Quality shots over quantity imo. I try to keep it to a shorter legnth, it was good and I probably wouldn't say that if the song was not so mellow for the edit, kind of gave it a dragging on feel. Pink Floyd is good!! Don't get me wrong there. 
Riding was good! stoked on some of the tricks there, liked the 270 on rail bonk at the 2:40 mark, that was some Halldor style that got me hyped!



CaP17A said:


> apart from me, no one knows how to work my camera so they were guessing on what to do


Filmings hard, especially when your editing footage others filmed. I get frustrated cause I have a vision to film something so when your editing it comes out supreme! And if the person doesn't see your vision or just doesn't give a shit cuz they think it'll come out fine it gets frustrating. Especially shaky follow cams.


----------



## CaP17A (Sep 23, 2011)

eastcoastnative said:


> Just a question why is it called Wednesdays with will if its not only filmed on Wednesdays? and is there a rider named will? Other than that dope edit except the intro's a little annoying


Will is our coach. Its kinda just like a webisode to show what we were doing over the past week, not just Wednesday. Will was in this edit though. Thanks dude.



grafta said:


> I think the music thing is more about tempo and creating a vibe. The song you chose just didn't fit the tempo of the clip IMHO.
> 
> Maybe try a few tunes of different styles out when you got some rough editing down and see where that leads (you've prob done this anyway!).
> 
> ...


I thought it fit, I was going to have the intro of the song end earlier but I forgot to do that....woops. Lines are good, most of the footy was hiking though, maybe next year there will be some lines if we ever get snow haha.



DrrrtyChurro said:


> Filmings hard, especially when your editing footage others filmed. I get frustrated cause I have a vision to film something so when your editing it comes out supreme! And if the person doesn't see your vision or just doesn't give a shit cuz they think it'll come out fine it gets frustrating. Especially shaky follow cams.

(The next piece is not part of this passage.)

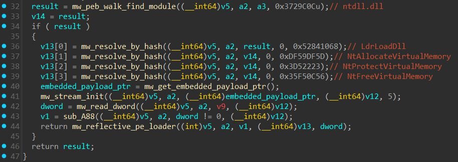 The entry point begins by walking the Process Environment Block to locate ntdll.dll and resolve four native API functions by hash using the following hashing algorithm (multiply-by-131 rolling hash):

^ yes. 100% yes. It sucks. You know what's up.


----------



## jjz (Feb 14, 2012)

thought the video was good.
the only thing i didnt like was the long intro.
Maybe due the same thing in like half the time.


----------



## david_z (Dec 14, 2009)

jjz said:


> Maybe due the same thing in like half the time.


This is just my general opinion and not necessarily specific to OP:

I think most people's edits are faaaaar too long. 

I know it sucks to put all that work in to filming and stunting around but most people simply aren't good enough, don't have enough variety of riders, tricks, perspectives, etc., to pull off a 5 minute edit. For yourself & maybe your crew, yeah put together that 5 minute reel but, to anyone else, it's the equivalent of your aunt's old vacation slideshow.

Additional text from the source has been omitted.